The password and username are both “admin.” However, the steps are a little different as we need to go to the Advanced tab on the left side and click on Port fw.
From there, we need to check Enable Port Forwarding, designate a description in the Description box, such as PS4 or Xbox. Then, in the box that says Local IP, we put in the static IP address we created.
Then, we set the protocol to Both, and it is enabled. Finally, we type in the port number, and it’s done. The port number is usually located at the end of an IP address 126.96.36.199:80.
Xplornet Hub Port Forwarding and DMZ
The Xplornet Hub comes with advanced features such as DMZ and Port Forwarding. We can find them in the Advanced Networking Features tab.

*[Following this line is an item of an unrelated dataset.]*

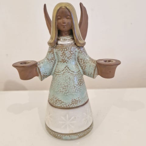 Jag säljer en ljushållare föreställer två små älvor i ljusa pastellfärger med skira vingar, som tillsammans bär en flätad korg där ett värmeljus kan placeras.
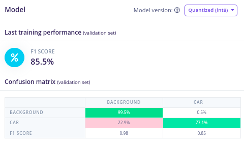 Using Mean Average Precision (mAP) as the sole evaluation metric can sometimes give limited insights about a model’s performance. This is particularly true when dealing with datasets with imbalanced classes as it only measures how accurate the predictions are without putting into account the individual performance of each class. To tackle this, FOMO uses F1-Score and a confusion matrix to evaluate object detection models. F1 measures the balance between precision and recall and the confusion matrix gives an insight of how good or bad the model is for each class.

The access to these is quite similar to all the other routers. The only difference is that it is a hub, but it still has its IP address, and the default username and password are also “admin.”
Make sure to remember that routers usually have a DMZ setup option as well.
Setting Up a DMZ
Now that we’ve learned how to set up Port Forwarding, setting up a DMZ should be an even easier task.
When we log into our router, modem, or hub, we go to the Advanced Setup tab. Bear in mind that it can be a different tab according to the type of hardware we’re using.
When we enter the Advanced Setup tab, we need to navigate to the NAT (Network Address Translation) tab. There, we’ll be able to see the DMZ button.
We need to click on it, and we see the Enable circle. Once we click on that, the only thing left to do is type in that static IP address into the DMZ Host IP Address.
Finally, we need to click on Apply, and we’re done.
We have a DMZ host. Make sure to remember that this is much like Port Forwarding because a DMZ host and a DMZ are not the same things.
When it comes to security, both of these serve their purpose, and you can control the flow to your internal network from external sources using them.
So, what are those Internet security risks that are beyond those layers of protection?
Network Security Risks
The most common network security risks are computer viruses which can corrupt and delete data on our machines.
Imagine working on yearly sales reports and a virus enters the network. It has the capability to wipe out everything that we have on that network.
Hackers can also cause quite a lot of damage from anywhere in the world. If they break into the network, they can steal data, sensitive information, etc.
The most important thing is always education. Sometimes, we breach our own security without even knowing it. So it’s best to educate ourselves on how we can protect our networks.